> GIVEN DATA
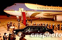 ![]() 美国总统布什乘坐空军一号专机十八日黄昏飞抵上海浦东国际机场,立即坐进总统专车驶入市区。中新社记者 贾国荣 摄 |
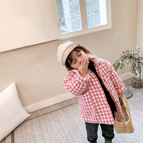 男女童棉衣中长款韩国冬季新品宝宝洋气加绒格子棉服儿...
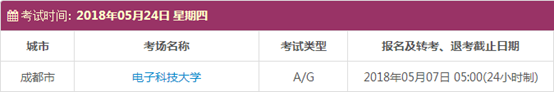考试时间:5月5日(A)、5月12日(A/G)、5月19日(A)、5月24日(A/G)
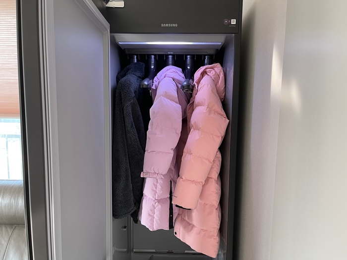 겨울철이라 외투 부피가 상당한데요 삼성 에어 드레서 5벌짜리이지만 5벌을 모두 넣으면 제트에어 기능이 제대로 발휘를 못할 듯싶습니다 중간에 먼지가 털어져야 할 여유가 있어야겠죠
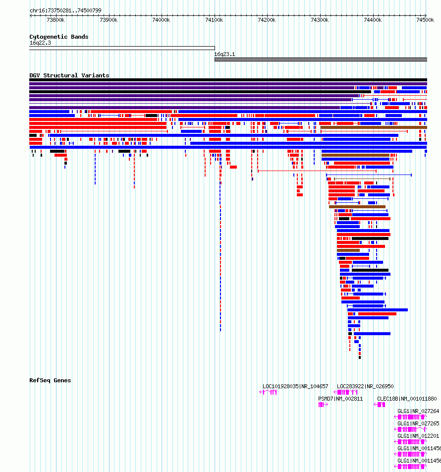 Variant DetailsVariant: nsv4247059 | Internal ID | 20442194 | | Landmark | | | Location Information | | | Cytoband | 16q22.3 | | Allele length | | Assembly | Allele length | | hg38 | 750519 | | hg19 | 750518 |
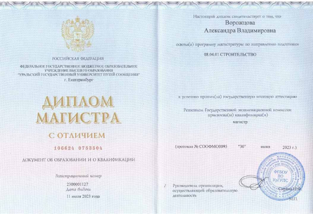- диплом магистра по направлению «Строительство» (рег. номер 2300001127, выданный 11.07.2023 г. ФГБОУ ВО УрГУПС – Уральский государственный университет путей сообщения);
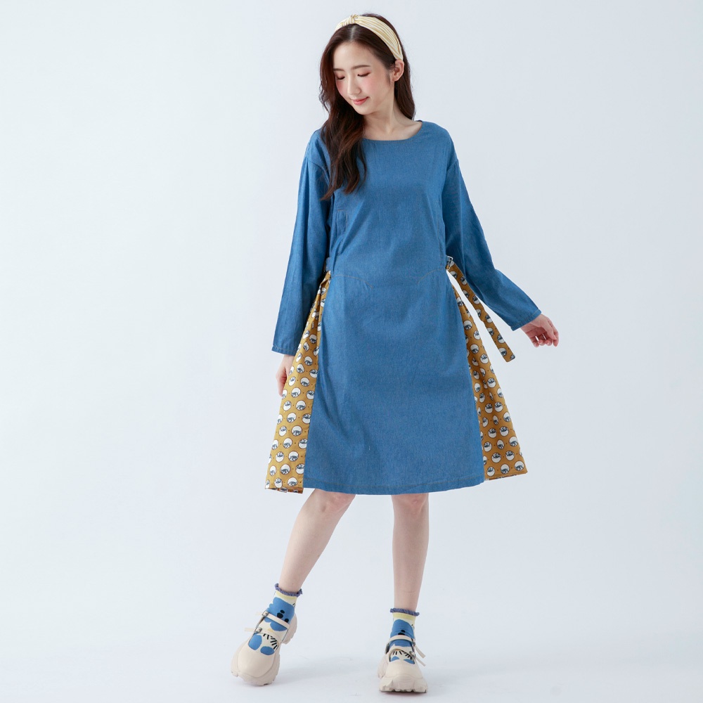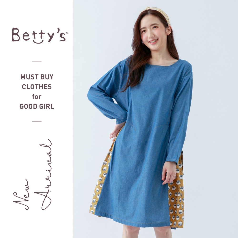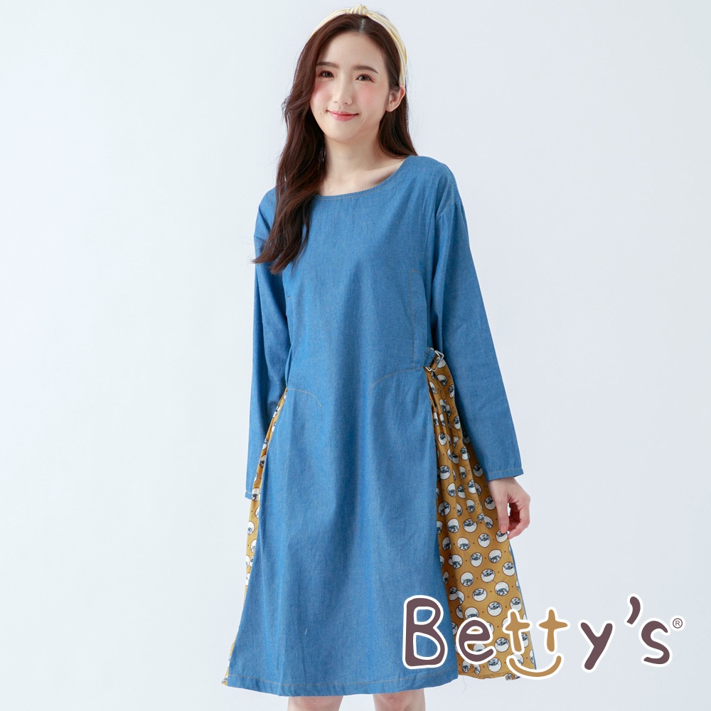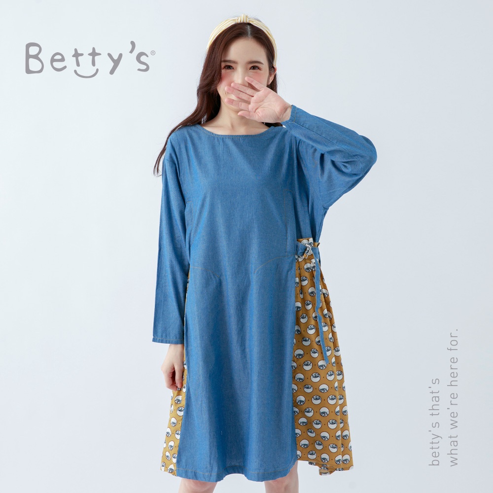betty’s貝蒂思(05)圓領棉T拼接牛仔洋裝(軍綠)軍綠,M|軍綠,Lbetty’s貝蒂思
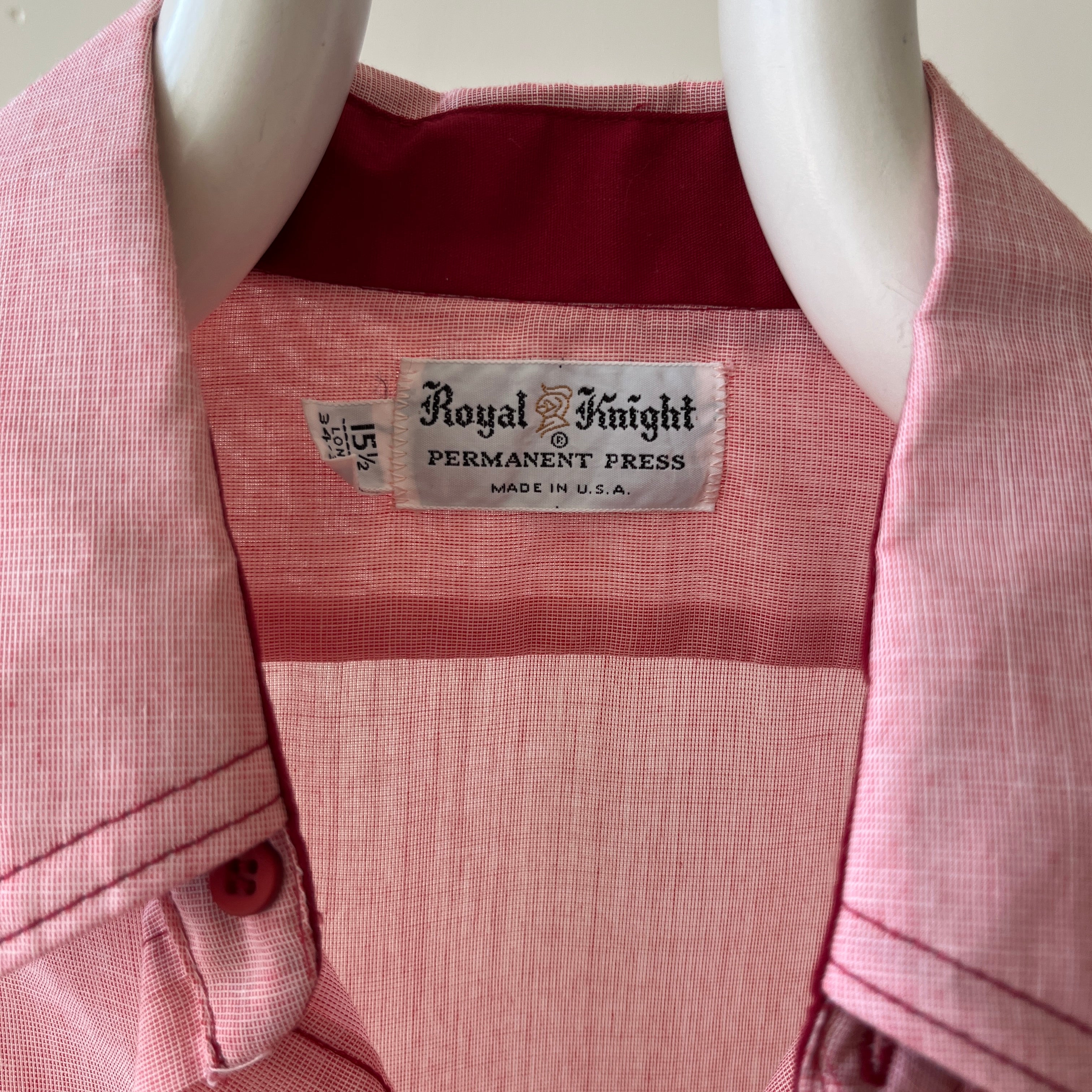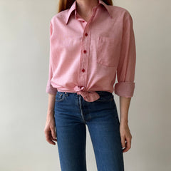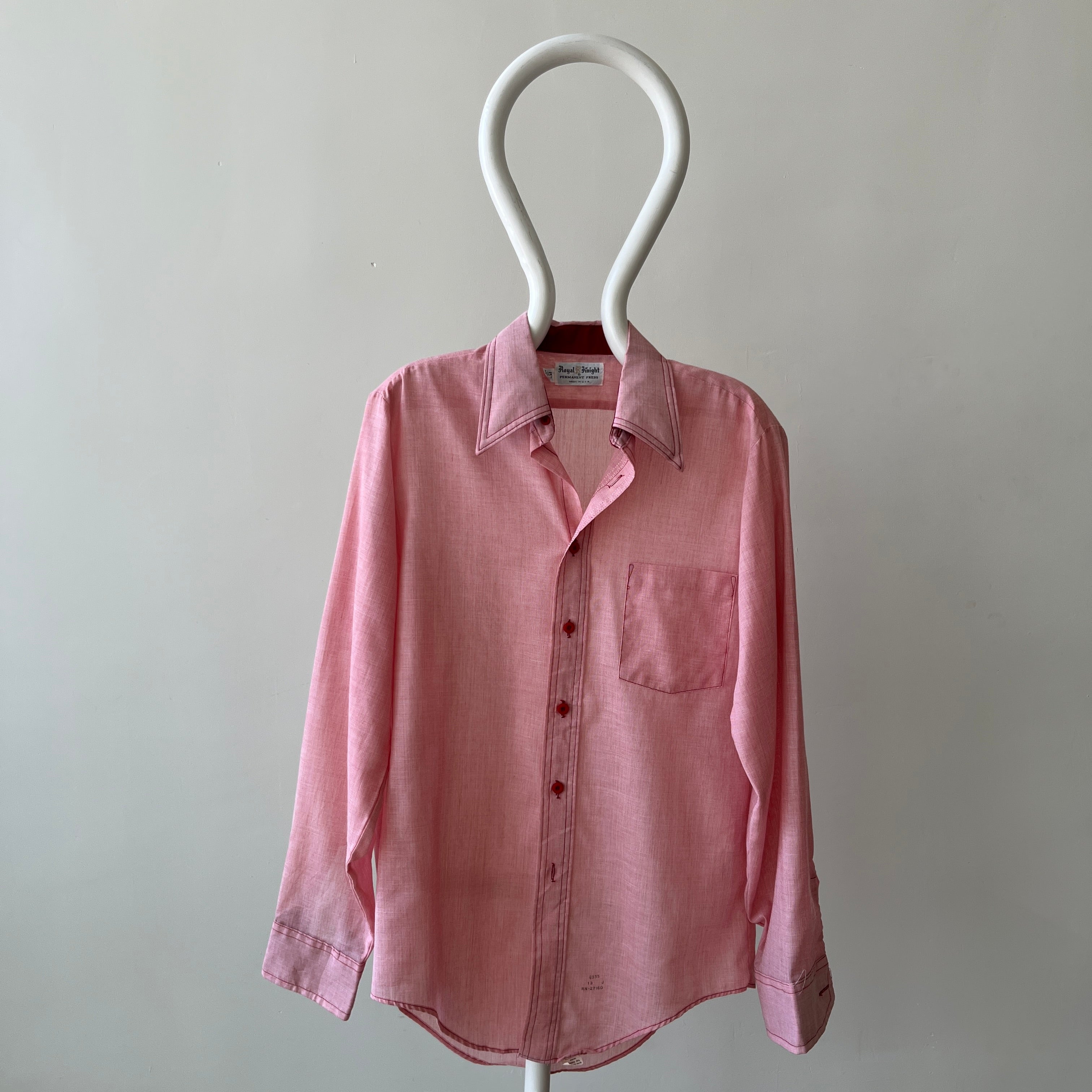 Notes: light wear, faded red color, cherry red buttons, made in usa - great 70s collar points. slightly sheer. this is a good one tied up or loose and easy breezy.

> WHAT THIS TASK INVOLVES
What is needed is an exact repeat of the records, with every picture left out.

> YOUR SOLUTION
 ![]() 美国总统布什乘坐空军一号专机十八日黄昏飞抵上海浦东国际机场,立即坐进总统专车驶入市区。中新社记者 贾国荣 摄 |
 男女童棉衣中长款韩国冬季新品宝宝洋气加绒格子棉服儿...
考试时间:5月5日(A)、5月12日(A/G)、5月19日(A)、5月24日(A/G)
 겨울철이라 외투 부피가 상당한데요 삼성 에어 드레서 5벌짜리이지만 5벌을 모두 넣으면 제트에어 기능이 제대로 발휘를 못할 듯싶습니다 중간에 먼지가 털어져야 할 여유가 있어야겠죠
 Variant DetailsVariant: nsv4247059 | Internal ID | 20442194 | | Landmark | | | Location Information | | | Cytoband | 16q22.3 | | Allele length | | Assembly | Allele length | | hg38 | 750519 | | hg19 | 750518 |
- диплом магистра по направлению «Строительство» (рег. номер 2300001127, выданный 11.07.2023 г. ФГБОУ ВО УрГУПС – Уральский государственный университет путей сообщения);
betty’s貝蒂思(05)圓領棉T拼接牛仔洋裝(軍綠)軍綠,M|軍綠,Lbetty’s貝蒂思
 Notes: light wear, faded red color, cherry red buttons, made in usa - great 70s collar points. slightly sheer. this is a good one tied up or loose and easy breezy.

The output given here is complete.